First of all, the stationary points of f(x) = 3x⁴ + 4x³ - 12x² are found by using differentiation.
f(x) = 3x⁴ + 4x³ - 12x²
f'(x) = 12x³ + 12x² - 24x = 12x(x + 2)(x - 1)
f"(x) = 36x² + 24x - 24
When x = 0:
f(0) = 3(0)⁴ + 4(0)³ - 12(0)² = 0
f'(0) = 0
f"(0) = 36(0)² + 24(0) - 24 = -24 < 0
Hence, maximum at (0, 0)
When x = -2:
f(-2) = 3(-2)⁴ + 4(-2)³ - 12(-2)² = -32
f'(-2) = 0
f"(-2) = 36(-2)² + 24(-2) - 24 = 72 > 0
Hence, minimum at (-2, -32)
f(1) = 3(1)⁴ + 4(1)³ - 12(1)² = -5
f'(1) = 0
f"(1) = 36(1)² + 24(1) - 24 = 36 > 0
Hence, minimum at (1, -5)
Sketch the graph y = 3x⁴ + 4x³ - 12x² as shown in the figure below.

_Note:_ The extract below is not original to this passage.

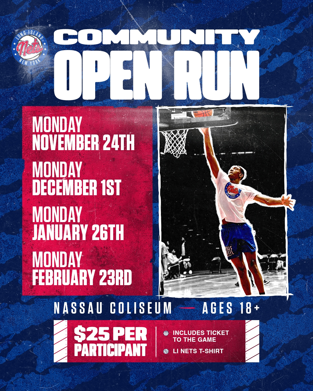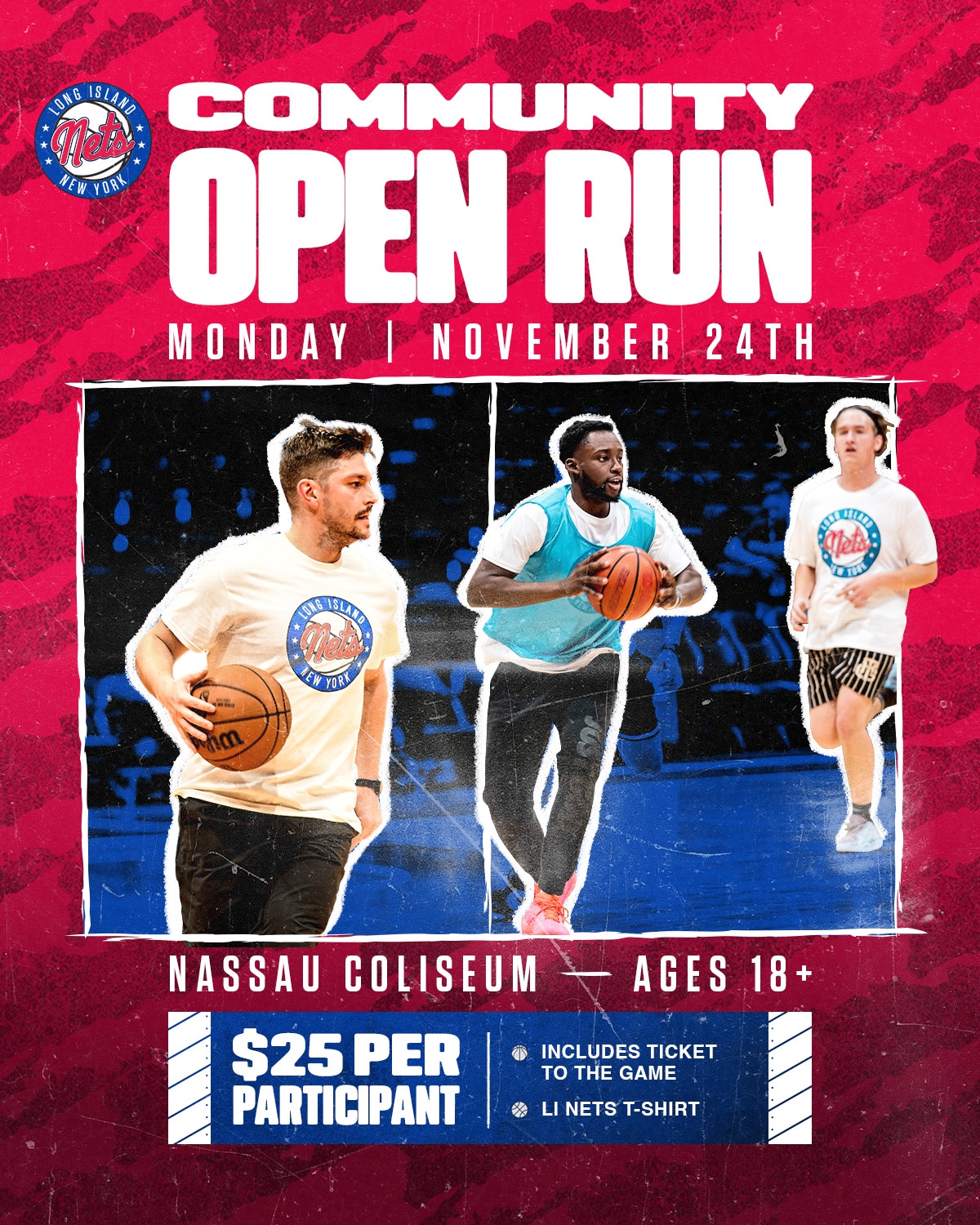 $25 per participant includes a ticket to the game and a Long Island Nets t-shirt. Spots are limited!

Finally, solve the equation 3x⁴ + 4x³ - 12x² + k = 0
Then, 3x⁴ + 4x³ - 12x² = -k
The roots are the points of intersection of y = 3x⁴ + 4x³ - 12x² and y = -k
There are four points of intersection (i.e. four real roots) when -5 < -k < 0
Hence, 0 < k < 5 or k ∊ (0, 5)
(When k = 0 or k = 5, there are only THREE points of intersection, i.e. THREE real roots.)